How the CPU Manager in Kubernetes works

Note trans. : This article was published on the official Kubernetes blog and was written by two Intel employees who are directly involved in the development of the CPU Manager — a new feature in Kubernetes, which we wrote about in the release 1.8 review. At the moment (ie, for K8s 1.11), this feature has the status of a beta version, and read more about its purpose later in the article.

The publication is about the CPU Manager - a beta feature in Kubernetes. CPU Manager allows you to better distribute workloads in Kubelet, i.e. on the Kubernetes node agent, by assigning the allocated CPUs to the specific hearth containers.

Sounds great! But will the CPU Manager help me?

Depends on workload. A single compute node in a Kubernetes cluster can run multiple hearths, and some of them can run loads that are active in CPU consumption. In this scenario, hearths can compete for the process resources available on this node. When this competition escalates, the workload may move to other CPUs depending on whether it was throttled under and what CPUs are available at the time of planning. In addition, there may be cases where the workload is sensitive to context switches. In all of these scenarios, workload performance may suffer.

If your workload is sensitive to such scenarios, you can enable CPU Manager to provide better performance isolation by allocating specific CPUs to the load.

CPU Manager can help loads with the following characteristics:

CPU-sensitive throttling;
context sensitive;
CPU-sensitive cache miss;
benefit from the sharing of processor resources (for example, data and instruction caches);
memory sensitive traffic between processor sockets (a detailed explanation of what the authors mean is given on the Unix Stack Exchange - approx. transl. ) ;
hyperthreads sensitive to or requiring the same physical core of the CPU.

OK! How to use it?

Using CPU Manager is easy. First, turn it on using the Kubelet Static Policy running on the cluster's compute nodes. Then set the guaranteed Guaranteed Quality of Service (QoS) class for the hearth. Request an integer number of CPU cores (for example, 1000m or 4000m ) for containers that need dedicated cores. Create under the previous method (for example, kubectl create -f pod.yaml ) ... and voila - the CPU Manager will assign the dedicated processor cores to each sub-container in accordance with their needs for the CPU.

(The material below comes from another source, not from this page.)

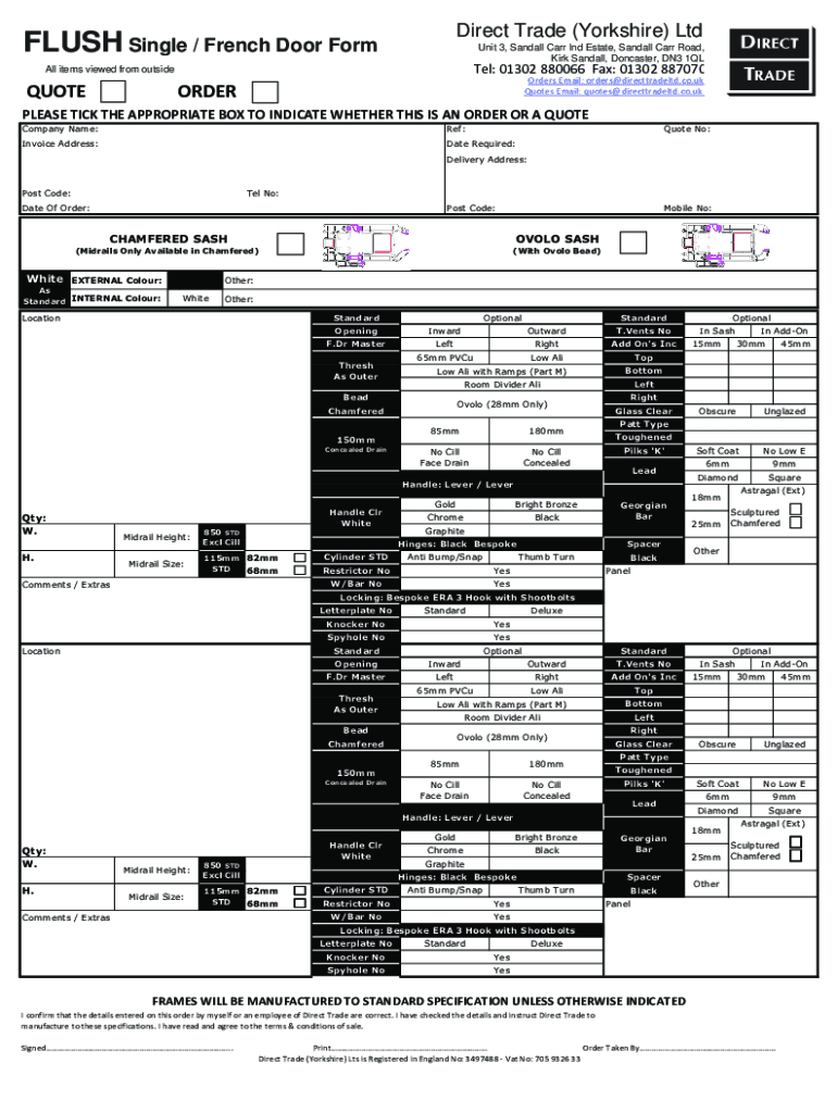 Direct Trade (Yorkshire) Flush Single / French Door Community 3, Randall Carr Ind Estate, Randall Carr Road, Kirk Randall, Don caster, DN3 1QLTel: 01302 880066 Fax: 01302 887070All items viewed from

 apiVersion: v1 kind: Pod metadata: name: exclusive-2 spec: containers: - image: quay.io/connordoyle/cpuset-visualizer name: exclusive-2 resources: # Pod is in the Guaranteed QoS class because requests == limits requests: # CPU request is an integer cpu: 2 memory: "256M" limits: cpu: 2 memory: "256M"

BOM specification requesting 2 dedicated CPUs.

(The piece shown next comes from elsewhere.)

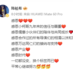 “感恩小柯哥(柯利明)九年来的信任和器重;感恩儒意小伙伴们的陪伴与共同成长;感恩合作过的所有导演们的相濡以沫和同舟共济;感恩万达同仁们的接纳与支持;感恩产业;感恩时代;一切都没变,换个标签而已;平常心继续努力。”1月30日,制片人陈祉希发布了这条微博。

How does the CPU Manager work?

We consider three types of control of CPU resources available in most Linux distributions, which will be relevant in relation to Kubernetes and the actual purposes of this publication. The first two are CFS shares (what is my weighted "fair" share of CPU time in the system) and CFS quota (what is the maximum CPU time allocated to me for the period). CPU Manager also uses the third one, which is called CPU affinity (on which logical CPUs I am allowed to perform calculations).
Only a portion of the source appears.